Por fim, com cinco ou mais prescrições, os idosos apresentaram mais que o dobro de chances de receberem um diagnóstico de doença inflamatória intestinal em comparação aos participantes sem uso de antibióticos nos cinco anos anteriores.
Um risco mais alto foi observado entre o período de 1 a 2 anos antes do diagnóstico (87%) em comparação com 2 a 5 anos antes do diagnóstico (42%).
Todas as classes de antibióticos foram associadas ao desenvolvimento de doença inflamatória intestinal, incluindo aqueles que não são utilizados para tratar infecções gastrointestinais.
No entanto, os remédios comumente prescritos para infecções gastrointestinais foram os mais prováveis de estarem associados a um diagnóstico de doença inflamatória intestinal, como as fluoroquinolonas, nitroimidazóis e macrolídeos.
Com isso, os pesquisadores acreditam que os fatores ambientais são mais importantes do que os genéticos no caso do desenvolvimento de doenças inflamatórias em idosos. Ou seja, para eles, enquanto os pacientes mais jovens diagnosticados com doença de Crohn e retocolite ulcerativa recebem uma grande influência da genética, no caso dos idosos é o ambiente que interfere mais fortemente no desencadeamento dessas doenças.
É importante considerar o uso de antibióticos no diagnóstico de doenças inflamatórias intestinais
Em resumo, os pesquisadores concluíram que o uso de antibióticos, independentemente da classe, foi associado a um risco aumentado de desenvolver doenças inflamatórias intestinais em idosos.
Os antibióticos são medicamentos muito importantes no tratamento de diversas doenças. Não é o caso de não utilizá-los quando necessário.

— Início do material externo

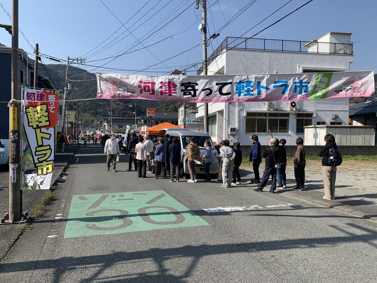 河津町中心部の「姫宮通り」(河津町笹原)で3月22日、歩行者天国イベント「河津寄って軽トラ市」が開催された 。
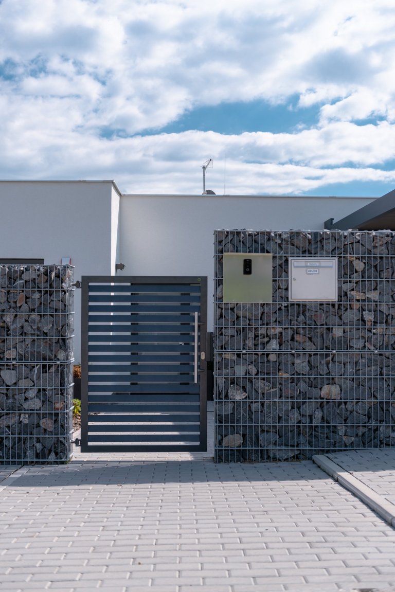 Klient si přál, aby plot zajišťoval soukromí a zaclonil hlavně příjezdovou část, poněvadž dům je pod úrovní ulice. Nakonec jsme vybrali kombinaci gabionového plotu Rock a design Half pro branku a bránu. A mohli jsme se pustit do práce.
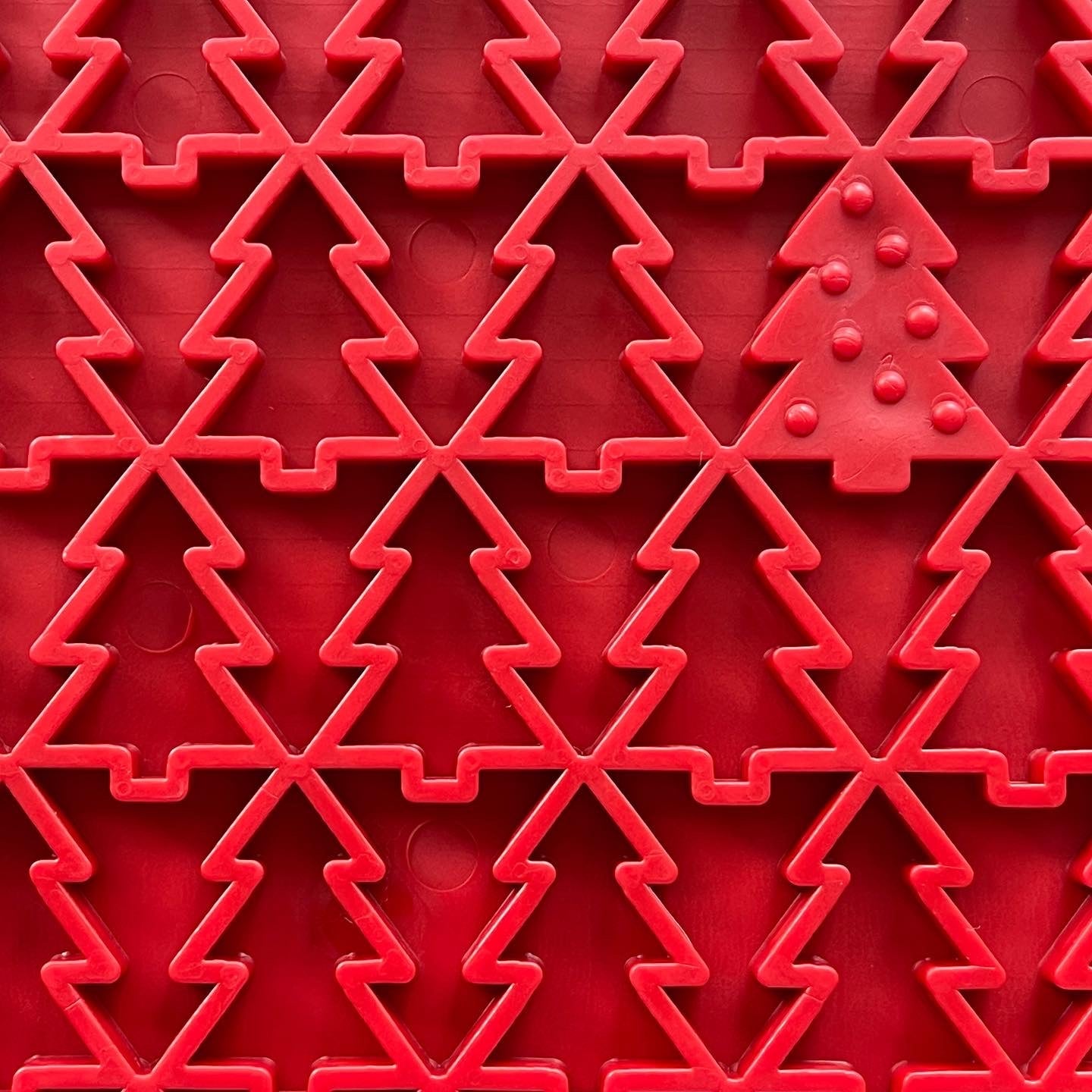 The repeating tree pattern creates a complex, multi-textured surface that's functionally ideal for enrichment. The pattern has different depths and angles that challenge dogs to lick more thoroughly. Each element holds spreads differently, creating multiple mini-challenges within a single mat that promote extended engagement and comprehensive mental stimulation.
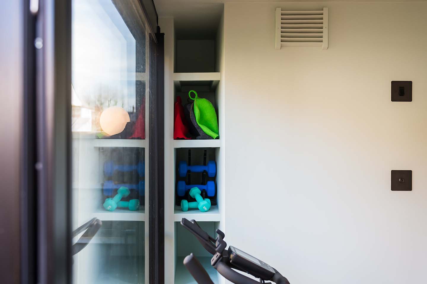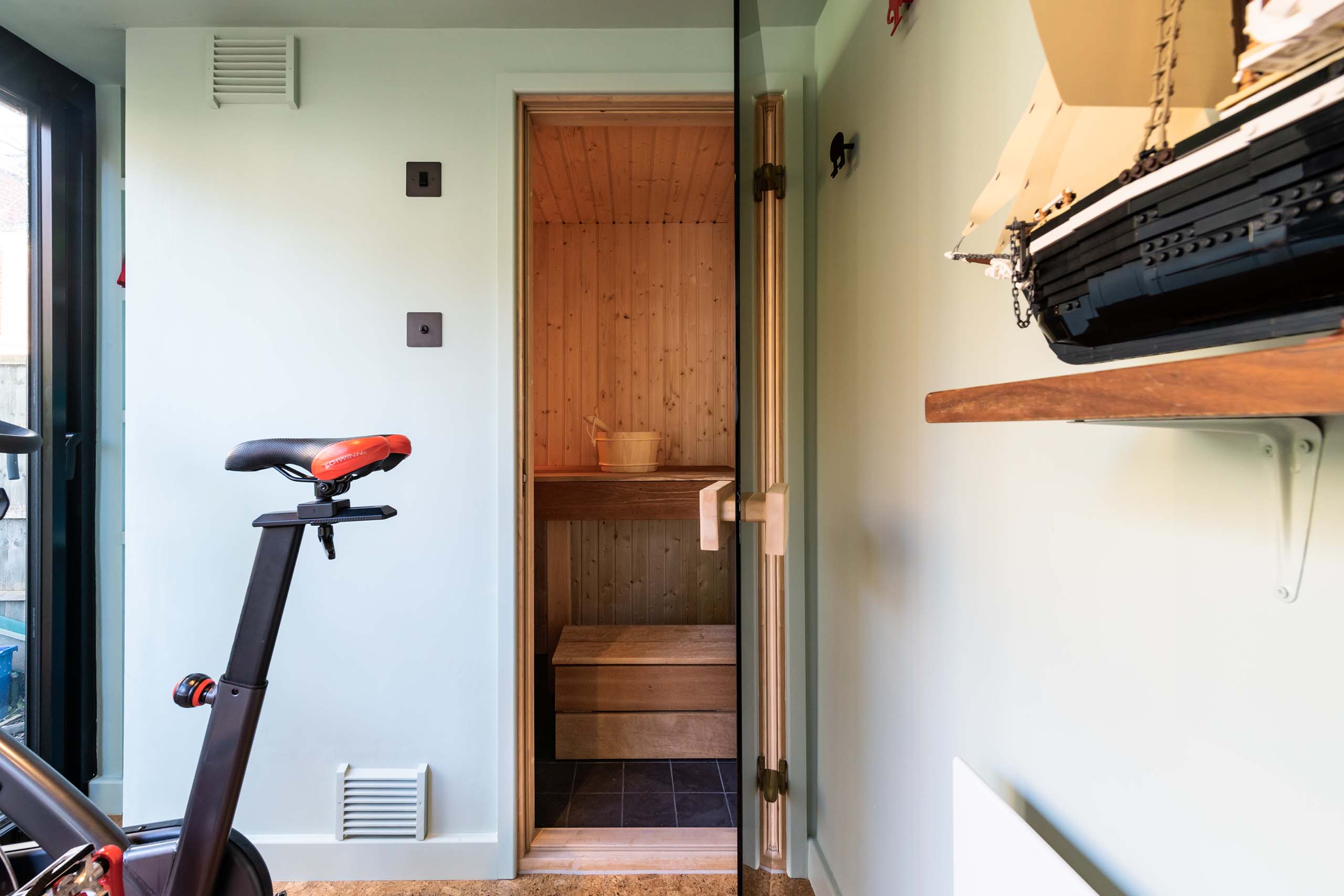 Dream big whatever the size of your garden room. Just look at this compact space. The Foster-Hunt family not only have a sanctuary away from a busy household where they can workout and wind down. They also have a luxury sauna that takes relaxation to five-star levels of indulgence.

No entanto, esse é mais um estudo que indica cautela na prescrição desses medicamentos, o que já vem sendo alertado pela necessidade de prevenir o desenvolvimento de bactérias multirresistentes.
Mais diretamente, os resultados apontam para a necessidade de se considerar prescrições antecedentes de antibióticos no diagnóstico das doenças inflamatórias intestinais, principalmente na velhice, pois nesta fase da vida essas doenças podem passar despercebidas.